| Data extract |
● ● ●
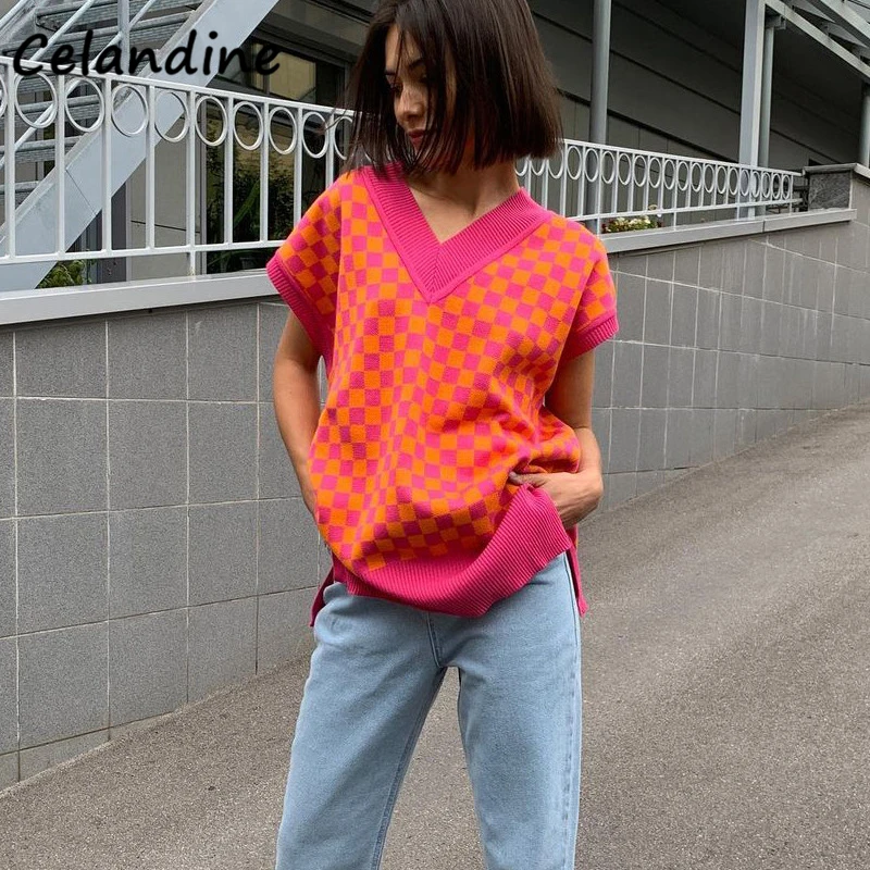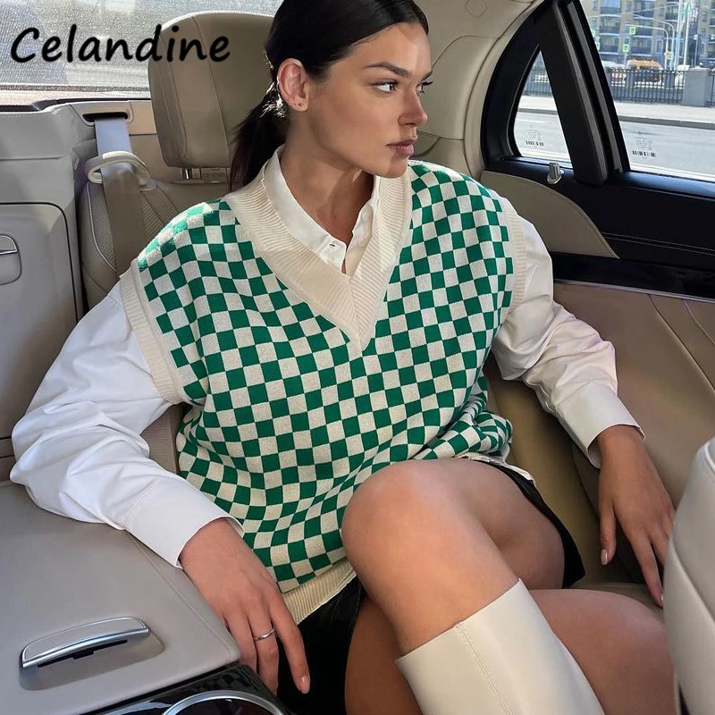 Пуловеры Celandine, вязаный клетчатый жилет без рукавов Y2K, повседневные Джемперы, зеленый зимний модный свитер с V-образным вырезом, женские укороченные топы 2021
● ● ●
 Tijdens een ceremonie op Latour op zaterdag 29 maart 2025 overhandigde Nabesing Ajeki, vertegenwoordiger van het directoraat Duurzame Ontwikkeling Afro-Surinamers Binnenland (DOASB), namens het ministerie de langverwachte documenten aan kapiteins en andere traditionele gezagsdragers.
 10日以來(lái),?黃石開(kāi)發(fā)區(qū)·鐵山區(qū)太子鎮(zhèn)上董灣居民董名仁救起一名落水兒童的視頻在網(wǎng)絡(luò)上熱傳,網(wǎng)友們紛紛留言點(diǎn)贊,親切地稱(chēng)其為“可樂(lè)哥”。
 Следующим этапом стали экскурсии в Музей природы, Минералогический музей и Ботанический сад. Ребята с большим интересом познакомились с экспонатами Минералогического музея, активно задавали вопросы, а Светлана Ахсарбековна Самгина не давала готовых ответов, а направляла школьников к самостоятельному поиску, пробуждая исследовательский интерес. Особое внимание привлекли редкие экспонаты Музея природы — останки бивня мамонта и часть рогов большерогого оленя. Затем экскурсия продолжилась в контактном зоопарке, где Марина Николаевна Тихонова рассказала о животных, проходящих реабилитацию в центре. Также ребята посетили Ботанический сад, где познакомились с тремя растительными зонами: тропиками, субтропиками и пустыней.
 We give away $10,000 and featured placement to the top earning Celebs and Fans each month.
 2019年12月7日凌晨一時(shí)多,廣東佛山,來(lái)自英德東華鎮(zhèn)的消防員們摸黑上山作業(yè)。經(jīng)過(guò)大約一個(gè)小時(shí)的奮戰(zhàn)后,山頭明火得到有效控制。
● ● ●
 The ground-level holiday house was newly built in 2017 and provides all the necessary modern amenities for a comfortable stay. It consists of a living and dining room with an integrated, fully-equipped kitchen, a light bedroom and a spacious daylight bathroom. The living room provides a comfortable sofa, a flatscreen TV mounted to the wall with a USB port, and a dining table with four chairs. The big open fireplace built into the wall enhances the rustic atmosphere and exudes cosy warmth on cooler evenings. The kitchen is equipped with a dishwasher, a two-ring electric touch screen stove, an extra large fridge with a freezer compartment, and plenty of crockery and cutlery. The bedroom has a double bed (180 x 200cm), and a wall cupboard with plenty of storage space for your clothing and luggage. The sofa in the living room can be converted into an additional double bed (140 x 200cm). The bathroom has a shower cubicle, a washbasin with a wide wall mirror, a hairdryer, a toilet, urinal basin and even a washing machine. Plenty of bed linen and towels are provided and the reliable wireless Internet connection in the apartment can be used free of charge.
● ● ●
| Task instructions |
Using the data above, repeat exactly the lines that begin at the line with "10日以來(lái),?黃石" and end at the line with "We give away", both ends included.

| Answer |
 10日以來(lái),?黃石開(kāi)發(fā)區(qū)·鐵山區(qū)太子鎮(zhèn)上董灣居民董名仁救起一名落水兒童的視頻在網(wǎng)絡(luò)上熱傳,網(wǎng)友們紛紛留言點(diǎn)贊,親切地稱(chēng)其為“可樂(lè)哥”。
 Следующим этапом стали экскурсии в Музей природы, Минералогический музей и Ботанический сад. Ребята с большим интересом познакомились с экспонатами Минералогического музея, активно задавали вопросы, а Светлана Ахсарбековна Самгина не давала готовых ответов, а направляла школьников к самостоятельному поиску, пробуждая исследовательский интерес. Особое внимание привлекли редкие экспонаты Музея природы — останки бивня мамонта и часть рогов большерогого оленя. Затем экскурсия продолжилась в контактном зоопарке, где Марина Николаевна Тихонова рассказала о животных, проходящих реабилитацию в центре. Также ребята посетили Ботанический сад, где познакомились с тремя растительными зонами: тропиками, субтропиками и пустыней.
 We give away $10,000 and featured placement to the top earning Celebs and Fans each month.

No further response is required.